Marconi aveva scoperto il raggio della morte. Sennonché egli, che negli ultimi tempi era diventato religiosissimo, ebbe uno scrupolo di carattere umanitario e chiese consiglio al Papa, e il Papa lo sconsigliò di rivelare una scoperta così micidiale. Turbatissimo, venne a riferirmi sul suo caso di coscienza. Io rimasi esterrefatto. Gli dissi che la scoperta poteva essere fatta da altri ed utilizzata contro di noi, contro il suo popolo quindi, e che io non gli avrei usato nessuna violenza morale, preferendo che risolvesse da solo il proprio caso di coscienza, sicuro che i suoi sentimenti d’italiano avrebbero avuto il sopravvento. Pochi giorni dopo Marconi ritornò e sul suo volto erano evidenti i segni della tremenda lotta interiore tra i due sentimenti, il religioso e il patriottico. Per rasserenarlo, lo assicurai che il raggio della morte non sarebbe stato usato se non come estrema soluzione. Avevo ancora fiducia di poterlo convincere dell’assurdità dei suoi dubbi. Infatti lo scienziato non è responsabile del cattivo uso che si può fare della sua invenzione. Invece Marconi moriva improvvisamente, forse di crepacuore. Da quel momento temetti che la mia stella cominciasse a spegnersi...".
Ufficialmente nessuno riuscì a penetrare nelle segrete conoscenze di Guglielmo Marconi, nemmeno i nazisti che credettero che il famigerato "raggio della morte" non poteva essere che la scoperta del radar.

C’è stato però un altro ricercatore che ha conosciuto il Guglielmo Marconi segreto. Il suo ruolo è stato quello di aiutante nascosto, o per meglio dire non ufficiale, di un collaboratore silente ma prolifico d’idee e di sperimentazioni. Questo signore si chiama Pier Luigi Ighina.

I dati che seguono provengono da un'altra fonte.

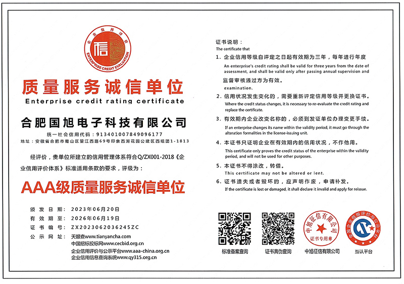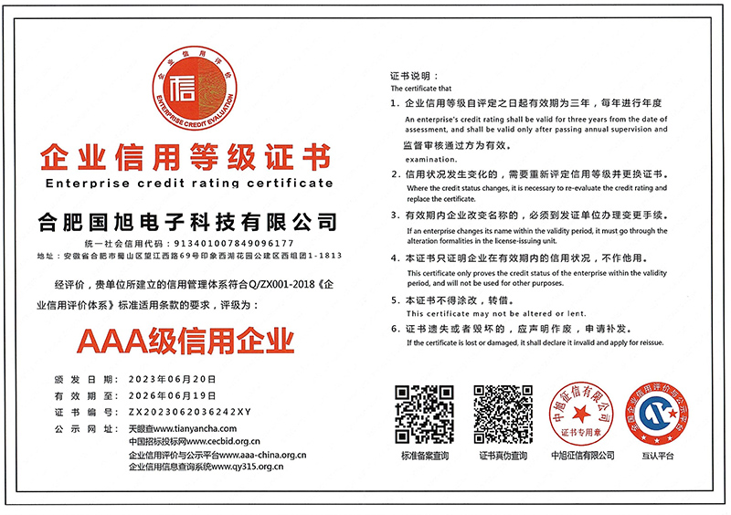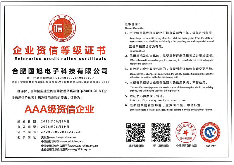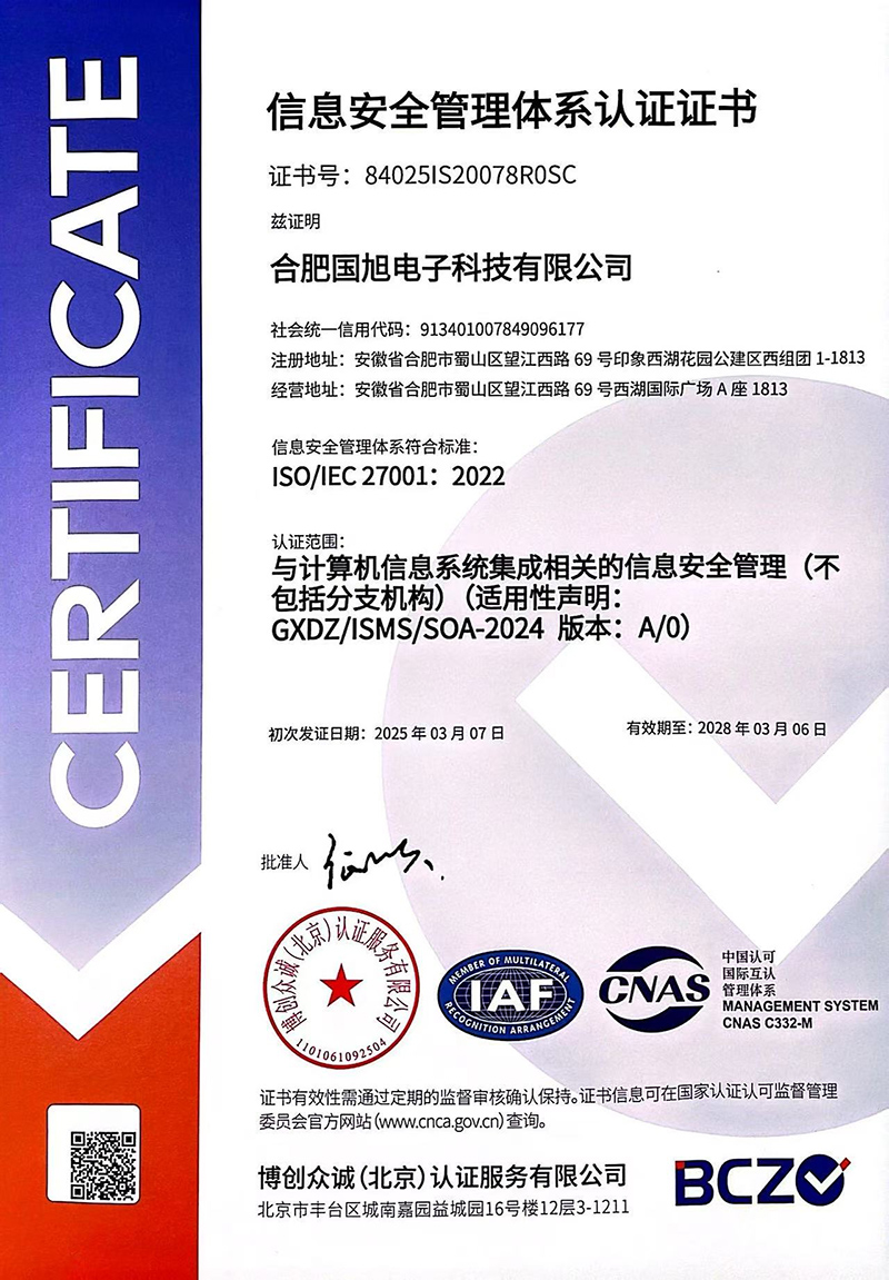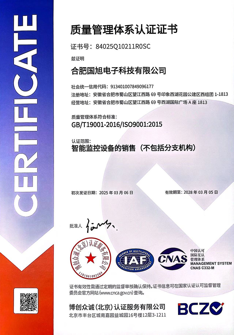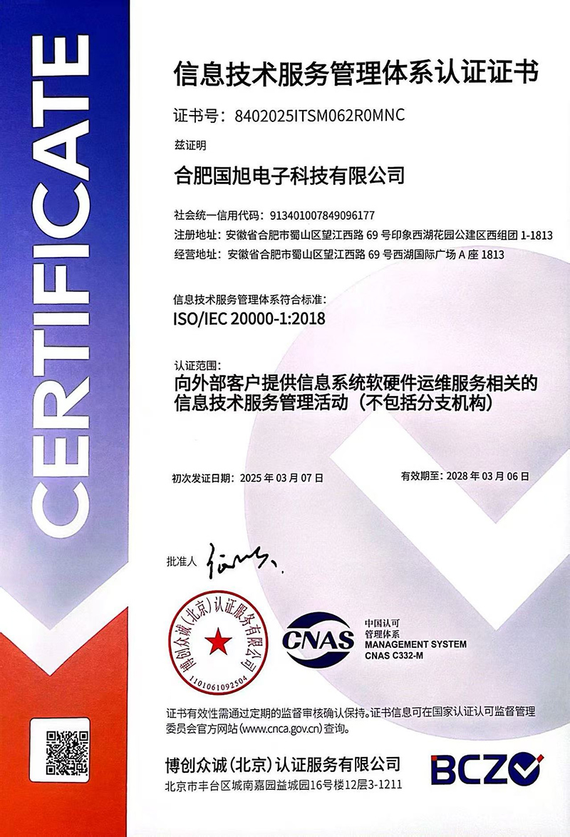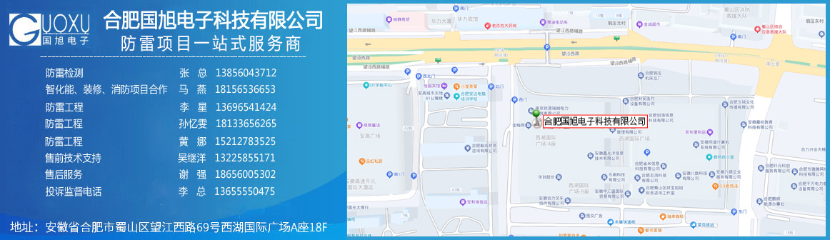 合肥國旭電子科技有限公司創(chuàng)立于2006年,總注冊資本2008萬。公司總部地址位于安徽IT主流商圈核心,合肥市蜀山區(qū)望江西路與肥西路交口西湖國際廣場。 公司是專業(yè)從事智能防雷檢測系統(tǒng)、智能化工程設計與施工工程、防雷設計施工工程、數據中心機房、消防工程、網絡監(jiān)控安全技術防范工程、及智能變電站安全預警系統(tǒng)。

l’atomo magnetico che è stato fotografato nel laboratorio di Pier Luigi Ighina nell’anno 1940, per mezzo di un microscopio atomico, con ingrandimento di un miliardo di volte.
Nella foto dell'atomo magnetico si vedono i cinque canaletti d’atomi assorbenti che servono a frenare l’atomo magnetico; nel centro si nota la dilatazione prodotta dalla pulsazione dell’atomo stesso.
Ognuna di queste pulsazioni produce e lancia attorno all’atomo magnetico un’energia, che nella foto è raffigurata dal sottile circoletto luminoso attorno all’atomo centrale. Il circoletto luminoso si espande a sua volta tanto da formare un circolo più grande così fino all’esaurimento della sua pulsazione. Il susseguirsi dei circoletti generati dalle pulsazioni produce l’adagiamento dei circoletti stessi uno sempre più vicino dell’altro, come a coprire e nascondere completamente, come uno scudo protettivo, l’atomo centrale. Quest’atomo è il più piccolo di tutti gli altri atomi e per legge atomica più piccolo è l’atomo più veloce è la sua pulsazione. Esso è quello che imprime a tutti gli altri atomi il loro movimento diventando così promotore di essi. (Informazioni riprese dal libro: "La scoperta dell’atomo magnetico" di P.L.Ighina).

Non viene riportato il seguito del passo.